*Items listed in a dataset:*
****

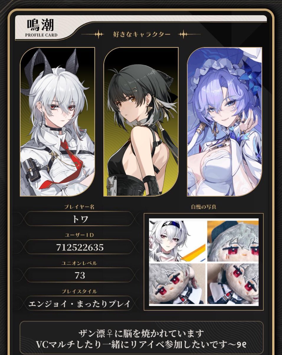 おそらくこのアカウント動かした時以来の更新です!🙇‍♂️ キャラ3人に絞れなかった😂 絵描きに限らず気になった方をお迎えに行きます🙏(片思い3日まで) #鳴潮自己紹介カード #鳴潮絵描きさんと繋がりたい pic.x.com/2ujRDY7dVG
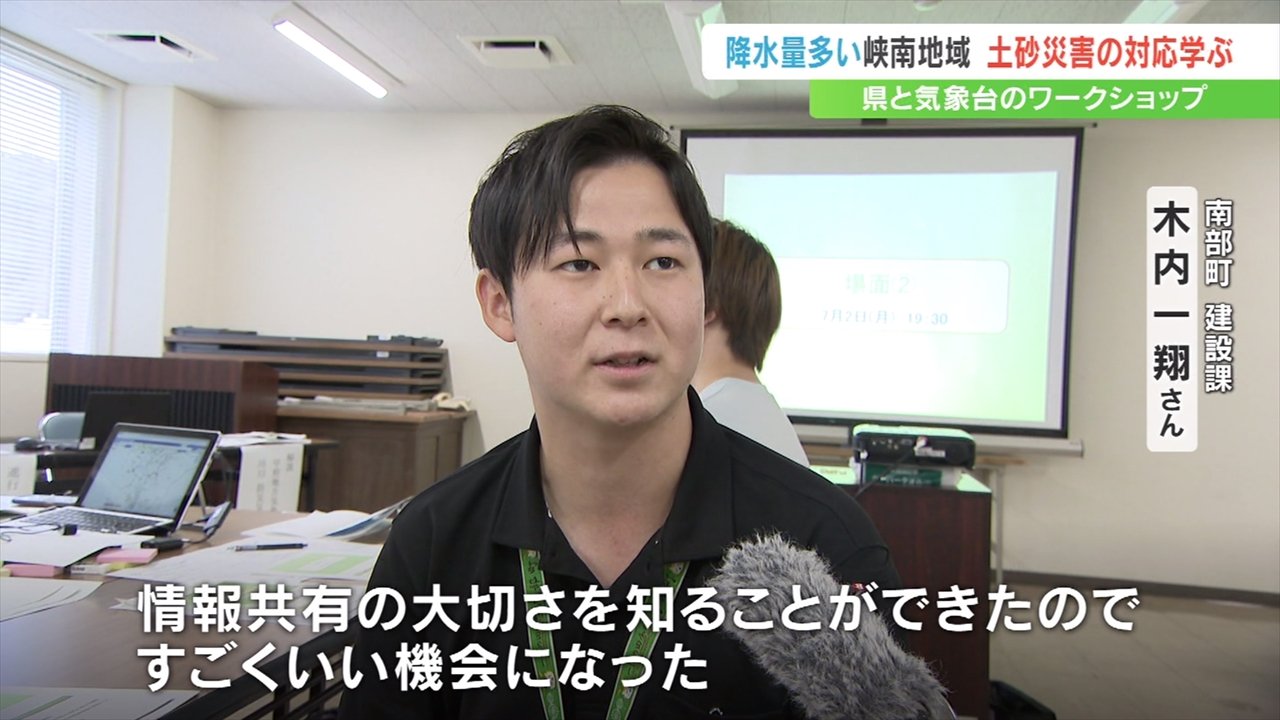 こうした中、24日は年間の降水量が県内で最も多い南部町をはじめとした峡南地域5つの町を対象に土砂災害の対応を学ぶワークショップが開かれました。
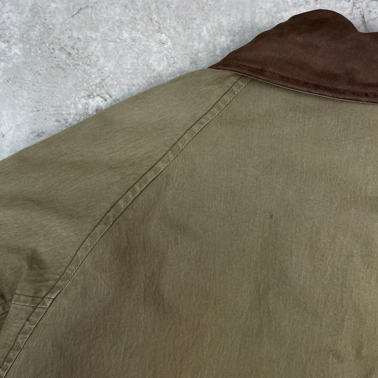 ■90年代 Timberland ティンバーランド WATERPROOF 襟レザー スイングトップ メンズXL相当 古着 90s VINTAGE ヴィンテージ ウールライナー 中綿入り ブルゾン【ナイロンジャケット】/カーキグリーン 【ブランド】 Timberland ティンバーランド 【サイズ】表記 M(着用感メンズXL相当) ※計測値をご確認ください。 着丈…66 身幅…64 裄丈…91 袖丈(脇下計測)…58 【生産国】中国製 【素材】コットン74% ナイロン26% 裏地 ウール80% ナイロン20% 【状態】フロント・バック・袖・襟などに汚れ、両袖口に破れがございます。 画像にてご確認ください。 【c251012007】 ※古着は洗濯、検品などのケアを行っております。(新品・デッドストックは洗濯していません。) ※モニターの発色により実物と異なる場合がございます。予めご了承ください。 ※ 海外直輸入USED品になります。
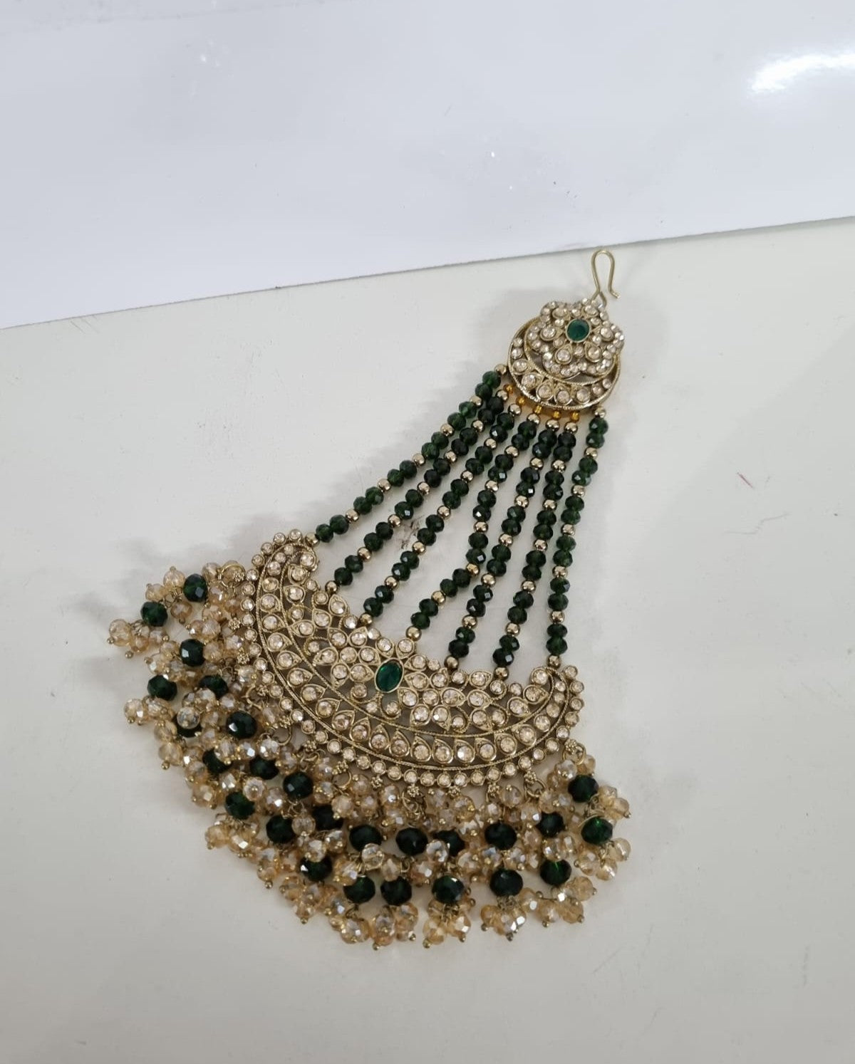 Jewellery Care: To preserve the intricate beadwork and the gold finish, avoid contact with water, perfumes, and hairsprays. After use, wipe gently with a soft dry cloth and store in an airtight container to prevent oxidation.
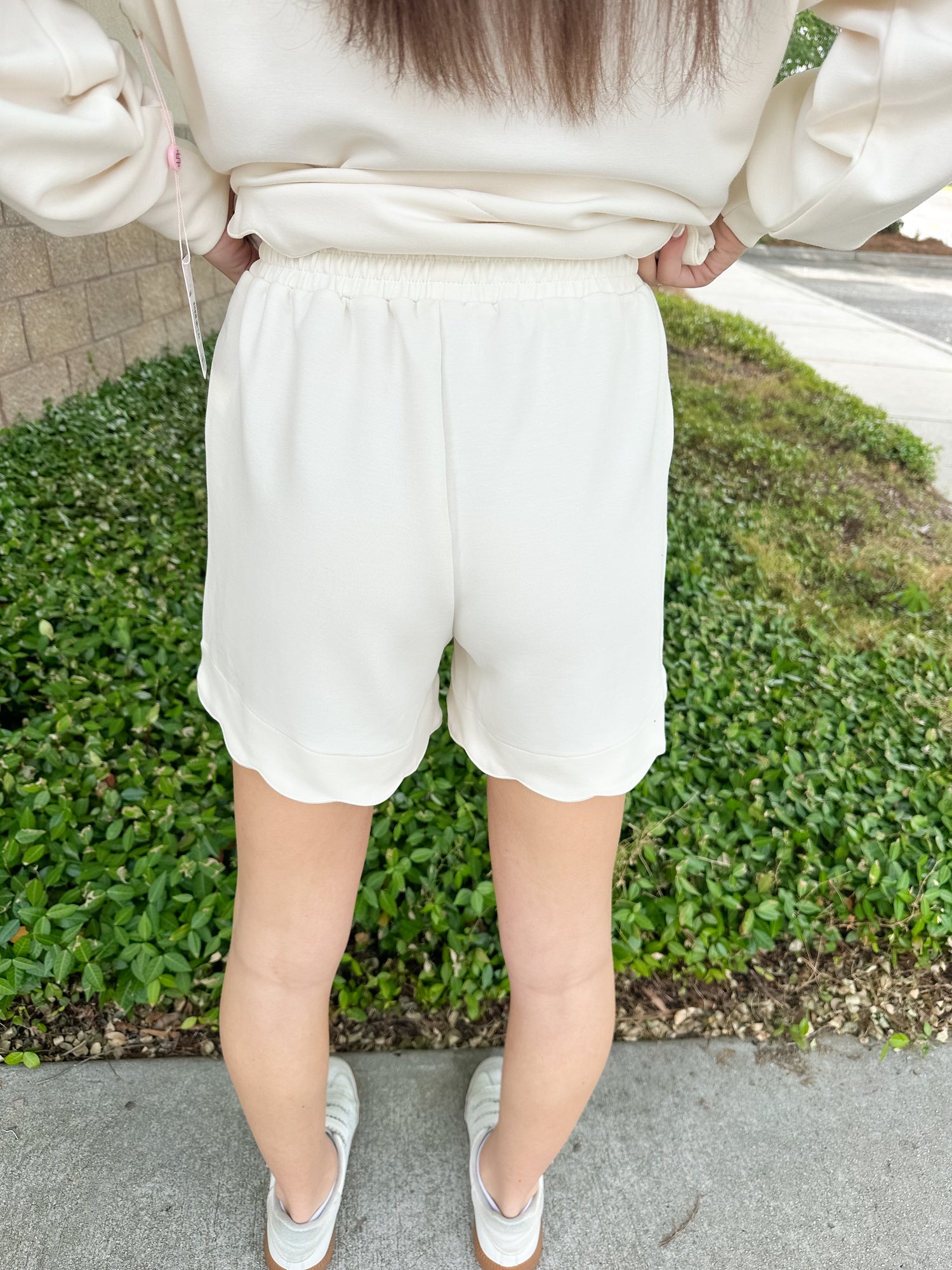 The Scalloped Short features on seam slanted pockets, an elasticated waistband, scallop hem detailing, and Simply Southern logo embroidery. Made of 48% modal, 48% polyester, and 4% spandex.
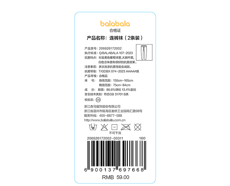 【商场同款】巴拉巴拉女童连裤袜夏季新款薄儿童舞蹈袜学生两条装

****

*Problem statement:* Take the lines from the one holding "The Scalloped Short" through the last line of the data above and copy them exactly, both ends included, omitting all pictures.

*Result of this task:*
 The Scalloped Short features on seam slanted pockets, an elasticated waistband, scallop hem detailing, and Simply Southern logo embroidery. Made of 48% modal, 48% polyester, and 4% spandex.
 【商场同款】巴拉巴拉女童连裤袜夏季新款薄儿童舞蹈袜学生两条装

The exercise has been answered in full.